The budget can be tuned in /src/ChessLogic/agents/callGenericAgent.ts
and will affect the depth of the tree search. The depth can also be directly set in this same file. A max depth will override budget decisions. Tuning depth via budget allows the algorithm to look deeper into more promising game states and game states with fewer successors. There's a number of reasons the LLM might produce fewer successors for a game state however usually it's because a game state with fewer successors has more clear cut decisions for the next move, i.e. protecting a piece or capturing a piece.
Prompts within /src/ChessLogic/agents/LlmMinimax.ts
can be tuned to produce more or less verbose descriptions of the game state. This can affect the quality, cost, and latency of the LLM's responses.
-
Generally plays "good" moves but constantly blunders
-
gpt-4 can definitely beat random play consistently
-
The game state evaluation tends to work quite well; most issues are with the successor generation
-
gpt-4 is much better than gpt-3.5 at generating successors and correct game descriptions
-
plays quite defensively (sometimes gets stuck in a loop of moving the same piece back and forth)
- It's super slow
Generating the descriptions is the issue here. There's a lot of tokes in the descriptions and LLM's time complexity is roughly linear in the number of tokens. If this were a really big system, a global cache could help here.
- It's super expensive
Same concern as above but input tokens are also a cost factor.

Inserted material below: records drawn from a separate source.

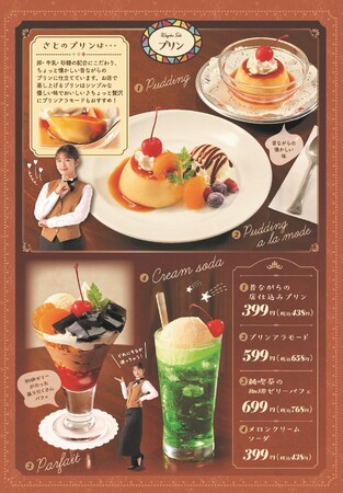 純喫茶の定番メニューのプリンは、「昔ながらの店仕込みプリン」399円(税込438円)と「プリンアラモード」 599円(税込658円)で販売します。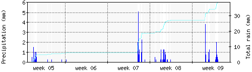 Das blaue Histogram zeigt die totale Niederschlagsmenge (oder deren Wassergehalt) in mm während des Messintervals. |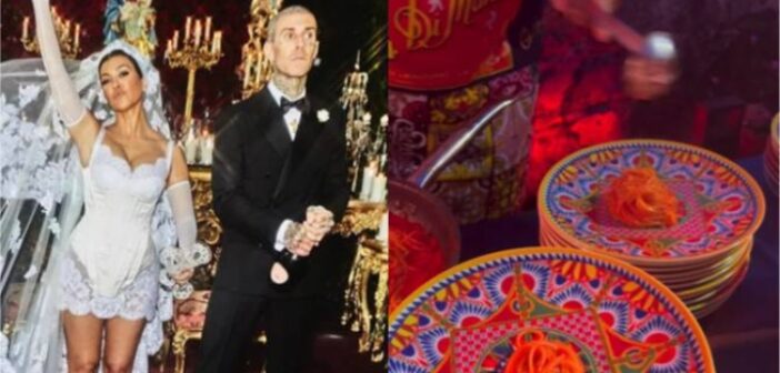 – Porção de comida servida no casamento de Travis Barker e Kourtney Kardashian viraliza nas redes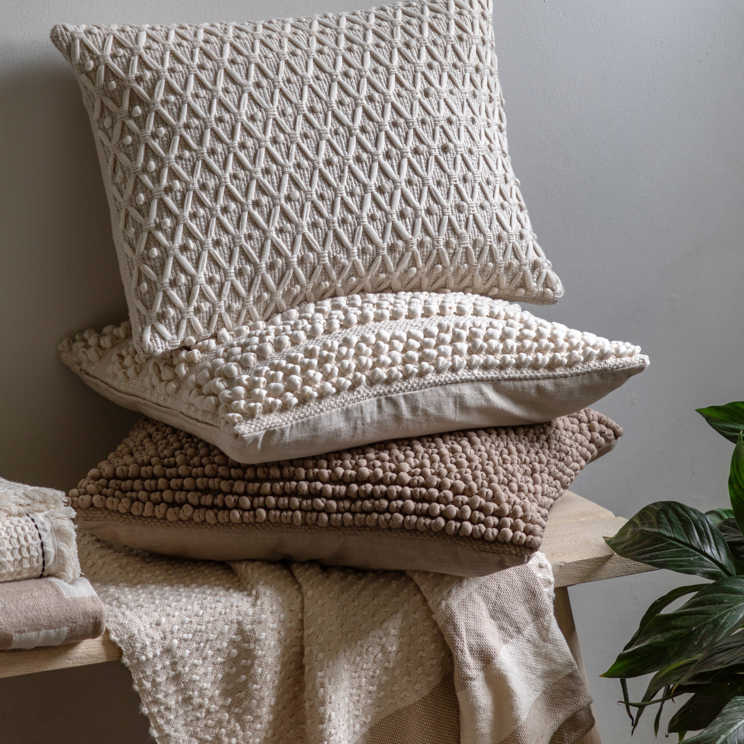 Hand woven with texture and a unique eye catching pattern this soft cushion will add a chic boho touch to any space. The soft cream tone and tactile pattern make this the perfect addition to your room.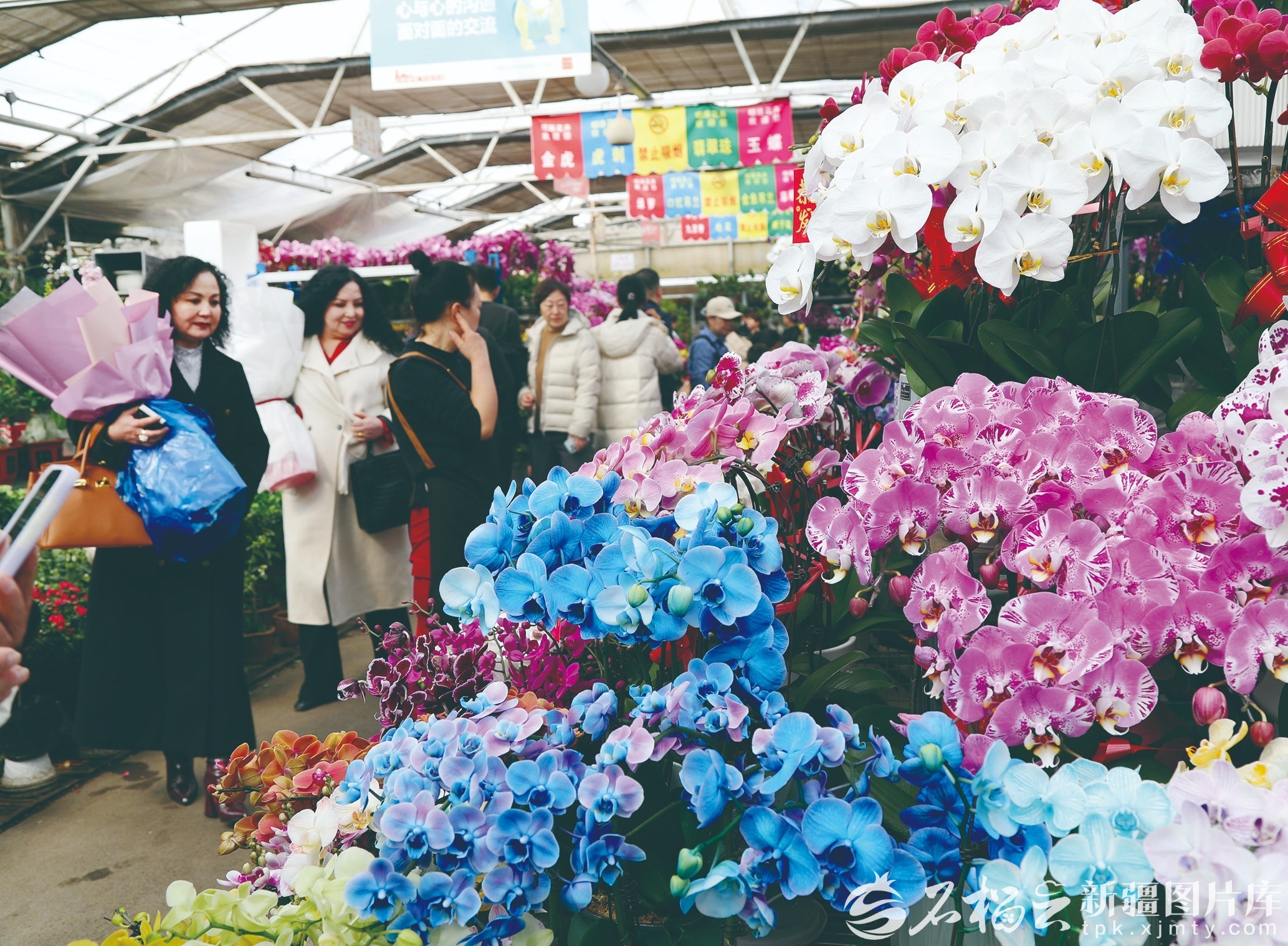3月9日,在乌鲁木齐市明珠花卉市场,市民正在选购花卉。王立华 摄

- Successors sometimes doesn't return enough moves and excludes good moves
This is more serious with GPT-3.5 than GPT-4. The issue is the LLM outputs decidedly too few valid moves to consider for a given game state. It's prompted to give "around 8" but sometimes only returns 1 or two valid moves.
- It has trouble with complicated moves
Specifically it seems to have more trouble identifying the movement patterns and therefore planning ahead for these pieces. Ideally a deeper search would help here to take the planning burden off the LLM. The issue is deeper search is just too slow.